Thus ultimately acceptance criterion deformation due to very uneven distribution of the contact pressure and, consequently, axial strain can be considered fully justified, in particular, to assess the limit values ​​of the deformation elements. The latter leads to the formation of spatial fracture ,⁷ which is related to the heterogeneity of both the stress and strain state in hazardous areas of concrete objects. Thus, in the conditions stipulated by the standard,¹ the destruction of the sample is not directly related to the influence of any stress (fracture surface is not such, on which there are normal or shear stresses), why introduce as a criterion for the destruction of the power criterion is unlikely to be is an objective measure.

Therefore, the most appropriate and well-founded measure is used as a quantitative measure of evaluating the bearing capacity exhaustion material aprimenenie strain criterion. Given the above geometric model of deformation of a cubic sample, the most acceptable from the point of view of application in engineering calculations should recognize the positive value of maximum linear deformation (ε_max). This value can be determined theoretically using various models described in,⁴ and suitable even for option transversely anisotropic material. Much harder to address the issue of the experimental determination of the indicated value, because the value depends on the type parametraε_maxsuschestvenno stress. To solve this problem it was designed and manufactured with a device that allows you to realize the stress state type triaxial and biaxial compression Figure 7.

Figure 7 Appearance of the device for testing under uniaxial stress states of homogeneous character.

Tests at neodnoosnyh stressed states can determine a complete diagram of the limit state of concrete.
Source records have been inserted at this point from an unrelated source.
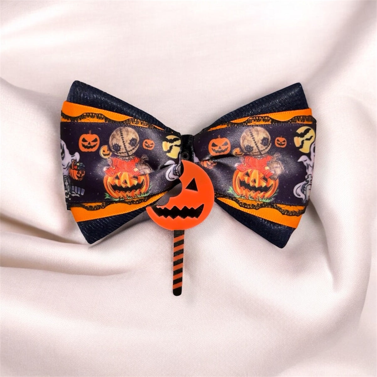 Bring the Halloween fun to life with our Pumpkin Pop Bow! Featuring bold black and orange tones with spooky jack-o'-lanterns, bats, and ghostly details, this bow is all about festive fright-night vibes. The centrepiece is a playful pumpkin lollipop charm that adds a sweet twist to its spooky style. Perfect for trick-or-treating, costume parties, or anyone who loves Halloween candy and pumpkin fun, this bow is a seasonal must-have!
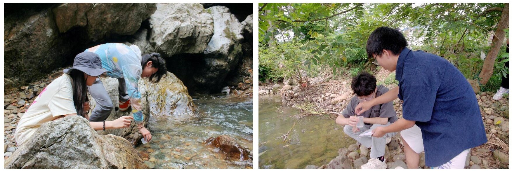 凝思想、聚共识,奏响生态优先“主题曲”,把准生态经济航向。为贯彻绿色发展理念推动形成人与自然和谐发展的现代化建设新格局。“化绿”乡村振兴促进团队员相互协作,以两人为小组,保持严谨科学的态度,去往泉水镇各水源地用专业的试纸对水质进行初步分析,并严格按照液体取样规则进行取样。这些样品最终会带回学院实验室进行深度检测,并对其水体中的化学物质含量进行分析,最后形成检测报告,送回当地。
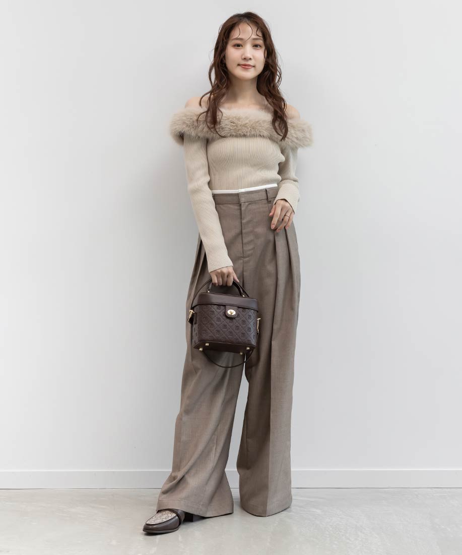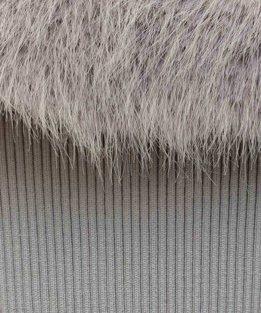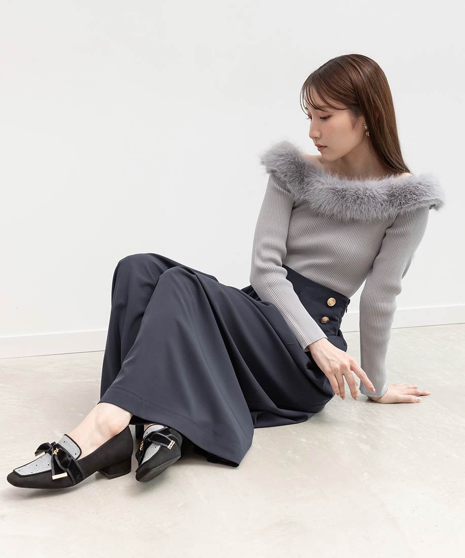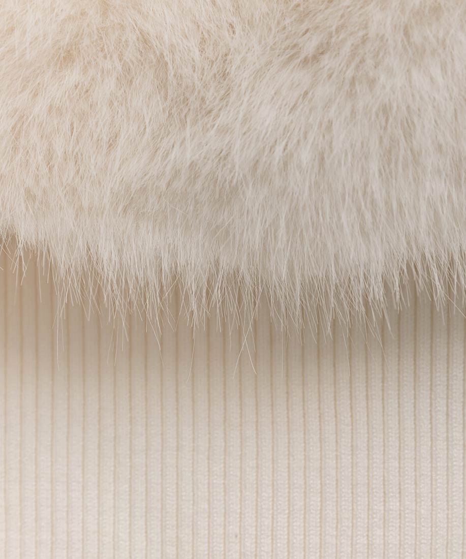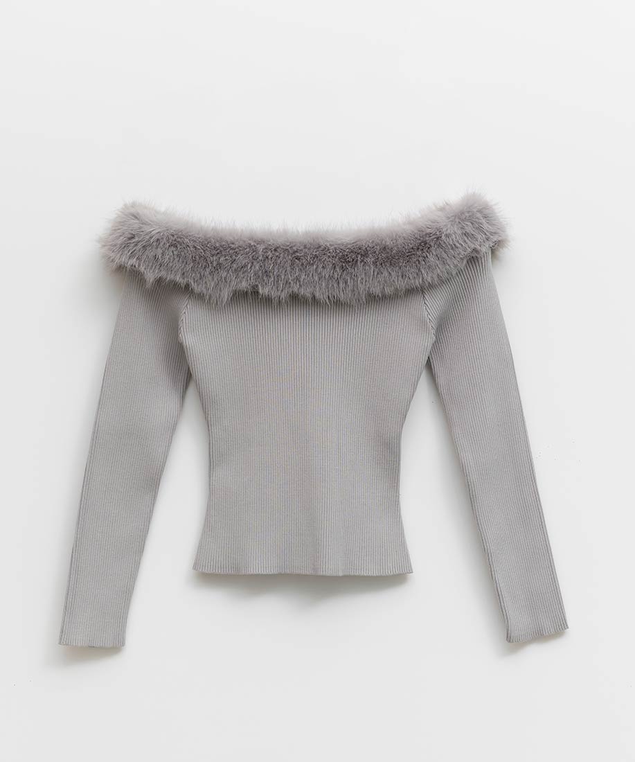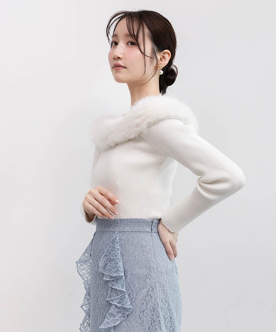 デコルテにふわふわのファーをあしらったオフショルニットトップス。

It is supposed to build this diagram in the coordinates P_σ-ε_max, where under P_σ be understood measure the stress state defined by the formula:⁸

P_σ = (σ_x + σ_y + σ _z) / σ_i, (2)

σ_i- where the intensity of the normal stresses, defined by the formula:

${\sigma }_i=\frac{1}{\sqrt{2}}\sqrt{{\left({\sigma }_1-{\sigma }_2\right)}^2+{\left({\sigma }_2-{\sigma }_3\right)}^2+{\left({\sigma }_3-{\sigma }_1\right)}^2}$ (2), (3)

As follows from the formula (2), for a value of uniaxial tension _σ = + 1, for a uniaxial compression _σ = -1. The compressed sample points located on its axis, the indicator value may reach values ​​ _σ = -3.

Since we are interested in the value of the indicator for cases of biaxial compression, the figure for different values ​​of the axial deformation of the negative in a range -1≤ π  _σ≤ + 1. Poetomu a first approximation chart _σ-ε_max can be taken as a linearized Figure 8. Engineering calculation of reinforced concrete structures using diagrams plasticity limit should be performed according to the algorithm of the form: analysis of the VAT element of the projected material by using known software packages perform experiments on a modernized regulatory procedure under uniaxial tension and compression samples of materials that will be used in the manufacture of building elements calculated construction of the linearized diagram limit of plasticity limiting the comparison of positive strain in hazardous locations with the theoretical obtained by calculation assessment of the feasibility of using this material in the design values ​​of the design loads So, on the results of experimental and theoretical studies, the following conclusions value of strength of concrete in compression, resulting from the standard test conditions, are significantly overstated due to neglect of contact friction forces and "abrasive" effect on the contact surfaces for a more objective assessment of the carrying capacity of the projected construction elements to be used deformation criterion - the maximum positive value of deformation to calculate a first approximation, in the absence of experimental data to be used in the practice of engineering materials is permissible to use a linearized diagram of plasticity limit for known values ​​of longitudinal strain in uniaxial tension and uniaxial compression Evaluation limit of plasticity is obviously overpriced, but it's too high, according to preliminary estimates will not exceed 10% of the nominal value of the marginal positive linear deformation.

Figure 8 The diagram of ultimate plasticity Concrete 1- linearized diagram, 2- theoretical diagram.

None.

The author declares no conflict of interest.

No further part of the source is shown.